New Here

New Here

New Here

Mission to the City - Week 1

Mission to the City - Week 1

Mission to the City: Week 1

Applying the Gospel’s Narrative Arc: Outline

 

 

 

Audio only on soundcloud here

 

Illustration

  • While running, Haddon asked me if we will have the same parents when we come back to life.
    • The gospel is a pool in which a toddler can wade and yet an elephant can swim.
    • There is one gospel but different forms in which this one gospel can be expressed.

What is the Gospel?

  • First, briefly share with those around you---what is the Gospel?
  • Good news about what Jesus has done that has implications both personal and global.

Good News Elements:

  • (1) The identity of Jesus as Son of God and Messianic King
  • (2) The death of Jesus for sin and justification
  • (3) The establishment of the reign of God [Kingdom] and the new creation/renewal

 

 

 

 

 

 

 

Thinking about the Gospel:

  • Personal
    • God
    • Man
    • Christ
    • Response

But the Gospel is bigger than us.

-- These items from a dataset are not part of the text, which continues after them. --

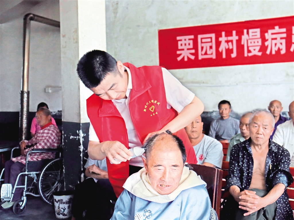 為弘揚(yáng)中華民族“孝老、敬老、愛老”傳統(tǒng)美德,8月7日,白河縣西營(yíng)鎮(zhèn)機(jī)關(guān)黨支部組織黨員來(lái)到西營(yíng)鎮(zhèn)區(qū)域敬老院開展“弘揚(yáng)孝義善舉 倡導(dǎo)文明鄉(xiāng)風(fēng)”志愿服務(wù)活動(dòng)?;顒?dòng)中,志愿者們?yōu)槔先藗兲峁┝烁啐g補(bǔ)貼認(rèn)證、修剪指甲、打掃衛(wèi)生等志愿服務(wù)。(劉焱 胡曉華 攝)
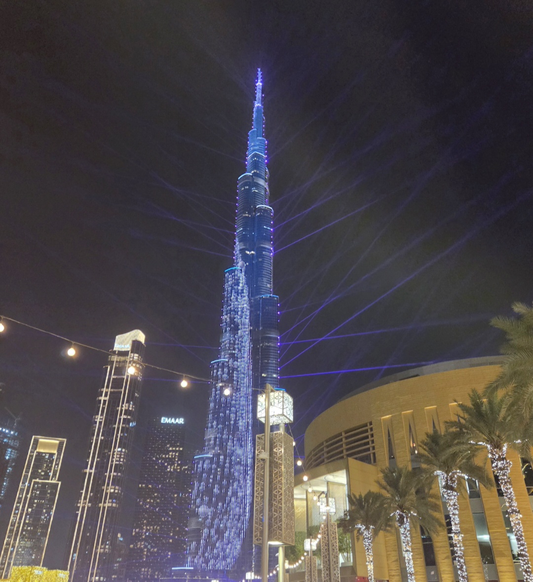 두바이는 낮과 밤의 매력이 완전히 다른 도시였다. 낮에는 사막의 태양 아래 반짝이는 초고층 빌딩이, 밤에는 도시 전체가 빛으로 살아나는 듯했다. 그중에서도 단연 가장 압도적인 순간은 세계에서 가장 높은 건축물, 부르즈 할리파에서 펼쳐지는 레이저쇼였다. 사진으로만 보던 장면을 눈앞에서 마주했을 때, 말 그대로 숨이 멎는 느낌.
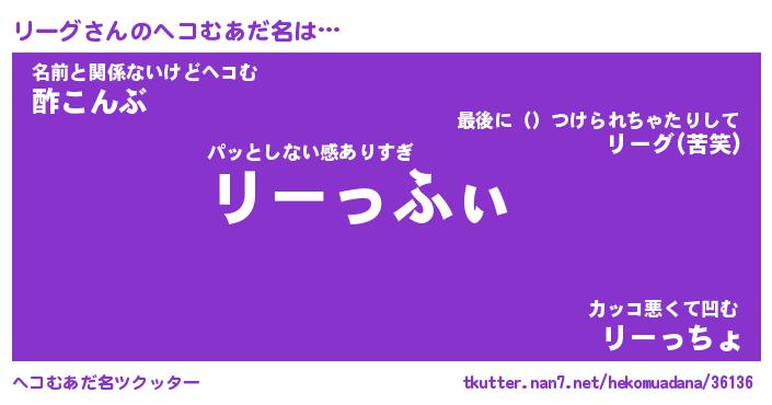 | 男性向けラノベタイトル風あだ名 | 『リーグの憂鬱』 |
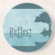Ein grün-blau strukturierter zeichn mit der Silhouette eines Mannes, der unter einem Baum sitzt, durch einen Teich, der darüber nachdenkt. Das Wort "Reflektieren" Erholungen auf der Seeoberfläche, Text und Schatten, die sich im vollkommen stillen Wasser widerspiegeln.

In Surprised by Joy, Lewis says this: “What I learned from the Idealists, and still most strongly hold, is this maxim: it is more important that Heaven should exist  than that any of us should reach it.”

 

  • Global (Lewis-every religion is Cosmic)
    • Creation
      • God created the world, and it was very good (Gen 1-2)
      • One word-Shalom, peace. Earth was full of God’s peace.
      • Where the story begins, God’s vision, identity/values
      • “In the darkness something was happening at last. A voice had begun to sing…it seemed to come from all directions at once…Its lower notes were deep enough to be the voice of the earth herself. There were no words. There was hardly even a tune. But it was beyond comparison, he most beautiful noise he had ever heard. It was so beautiful, Digory could hardly bear it.”
      • “Aslan stood in the center of a circle created by all the animals he had just made, and he said to them, “Narnia, Narnia, Narnia, awake. Love. Think. Speak. Be walking trees. Be talking beasts. Be divine waters.”
      • God imagined a universe, and set it into motion. Sun, moon, stars, mountains, bird, butterflies, and his crown jewel, a man and a woman. His crown jewels were given a mission, to have dominion of the earth and subdue it. To care for the world in God’s name.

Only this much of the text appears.